START RECORDS PROVIDED

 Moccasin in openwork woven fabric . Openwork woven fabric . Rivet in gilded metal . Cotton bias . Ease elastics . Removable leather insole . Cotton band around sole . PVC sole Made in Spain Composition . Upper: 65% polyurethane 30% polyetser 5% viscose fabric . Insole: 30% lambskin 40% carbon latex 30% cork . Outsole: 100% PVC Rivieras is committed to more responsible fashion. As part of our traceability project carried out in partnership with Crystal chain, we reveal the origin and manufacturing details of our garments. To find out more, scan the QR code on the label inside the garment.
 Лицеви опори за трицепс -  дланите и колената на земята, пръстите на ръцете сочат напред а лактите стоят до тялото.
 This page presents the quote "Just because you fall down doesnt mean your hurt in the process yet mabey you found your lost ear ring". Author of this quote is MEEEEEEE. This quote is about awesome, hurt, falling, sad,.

END RECORDS PROVIDED
START RECORDS PROVIDED

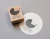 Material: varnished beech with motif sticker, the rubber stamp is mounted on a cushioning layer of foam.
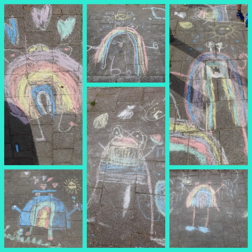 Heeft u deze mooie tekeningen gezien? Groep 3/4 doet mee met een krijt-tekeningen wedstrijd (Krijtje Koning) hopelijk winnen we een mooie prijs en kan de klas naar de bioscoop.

END RECORDS PROVIDED

> WHAT THE TASK ASKS
Which lines above run from the one containing "Moccasin in openwork" down to the one containing "This page presents"? Repeat exactly those, both ends included, and nothing else.

> TASK ANSWER
 Moccasin in openwork woven fabric . Openwork woven fabric . Rivet in gilded metal . Cotton bias . Ease elastics . Removable leather insole . Cotton band around sole . PVC sole Made in Spain Composition . Upper: 65% polyurethane 30% polyetser 5% viscose fabric . Insole: 30% lambskin 40% carbon latex 30% cork . Outsole: 100% PVC Rivieras is committed to more responsible fashion. As part of our traceability project carried out in partnership with Crystal chain, we reveal the origin and manufacturing details of our garments. To find out more, scan the QR code on the label inside the garment.
 Лицеви опори за трицепс -  дланите и колената на земята, пръстите на ръцете сочат напред а лактите стоят до тялото.
 This page presents the quote "Just because you fall down doesnt mean your hurt in the process yet mabey you found your lost ear ring". Author of this quote is MEEEEEEE. This quote is about awesome, hurt, falling, sad,.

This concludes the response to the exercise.